START EXCERPTED DATA

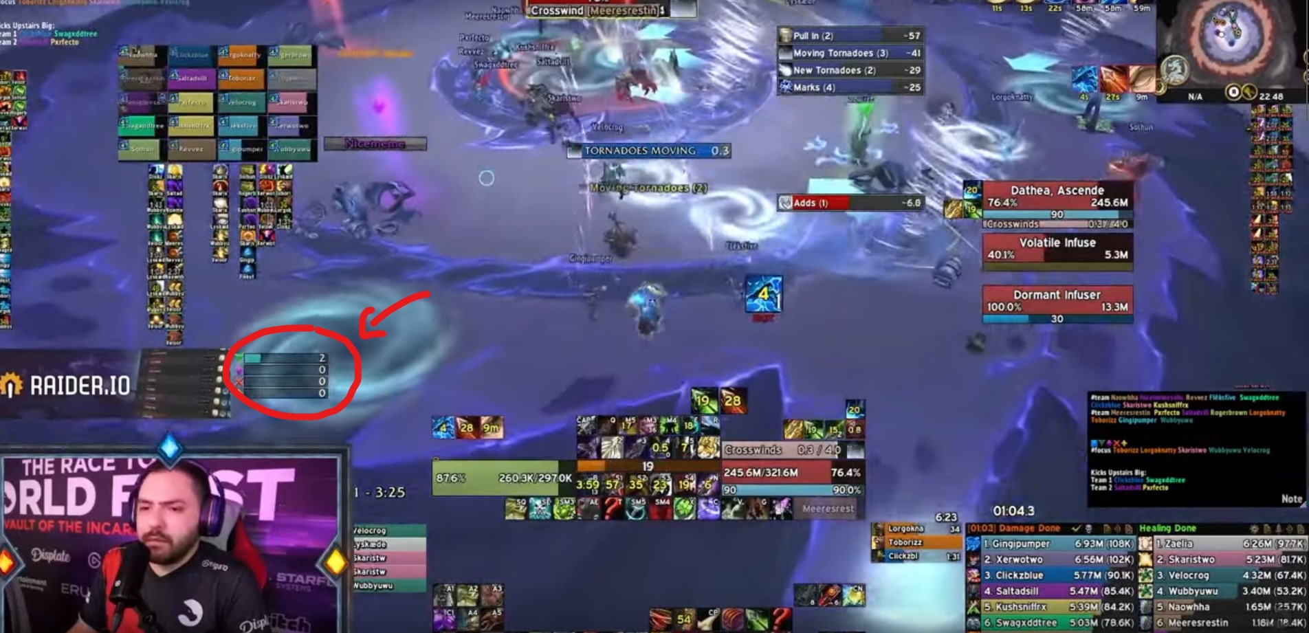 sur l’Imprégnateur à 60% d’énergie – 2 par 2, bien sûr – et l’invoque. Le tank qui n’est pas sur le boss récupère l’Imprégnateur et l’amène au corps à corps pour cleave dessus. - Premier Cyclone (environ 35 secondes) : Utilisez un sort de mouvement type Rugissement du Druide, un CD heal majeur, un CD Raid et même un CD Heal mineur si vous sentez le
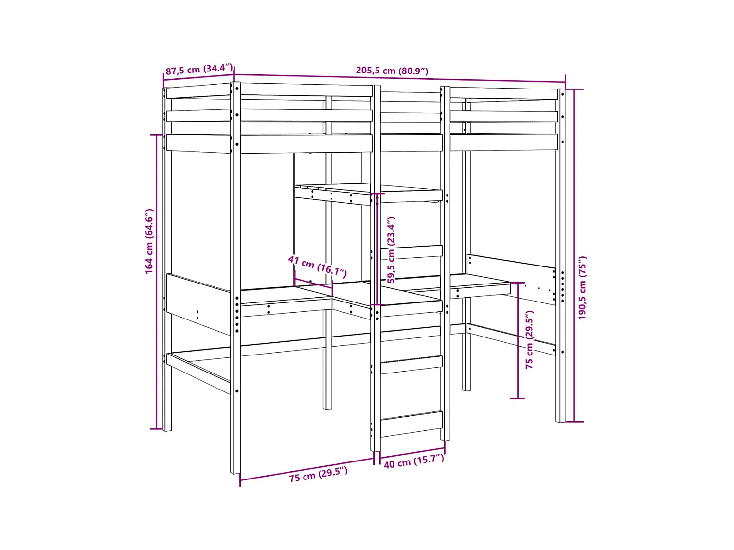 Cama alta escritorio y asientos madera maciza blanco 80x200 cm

END EXCERPTED DATA
START EXCERPTED DATA

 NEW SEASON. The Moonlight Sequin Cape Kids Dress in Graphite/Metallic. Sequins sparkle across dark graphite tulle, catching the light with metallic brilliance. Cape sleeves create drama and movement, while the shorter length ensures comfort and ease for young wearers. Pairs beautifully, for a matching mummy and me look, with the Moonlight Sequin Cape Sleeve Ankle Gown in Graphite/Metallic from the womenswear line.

END EXCERPTED DATA

WHAT IS NEEDED >>
Within the listing above, print exactly the stretch beginning at the line that contains "sur l’Imprégnateur à" and finishing at the line that contains "Cama alta escritorio", ends kept, pictures left out, and nothing more.

ANSWER TO THE EXERCISE >>
 sur l’Imprégnateur à 60% d’énergie – 2 par 2, bien sûr – et l’invoque. Le tank qui n’est pas sur le boss récupère l’Imprégnateur et l’amène au corps à corps pour cleave dessus. - Premier Cyclone (environ 35 secondes) : Utilisez un sort de mouvement type Rugissement du Druide, un CD heal majeur, un CD Raid et même un CD Heal mineur si vous sentez le
 Cama alta escritorio y asientos madera maciza blanco 80x200 cm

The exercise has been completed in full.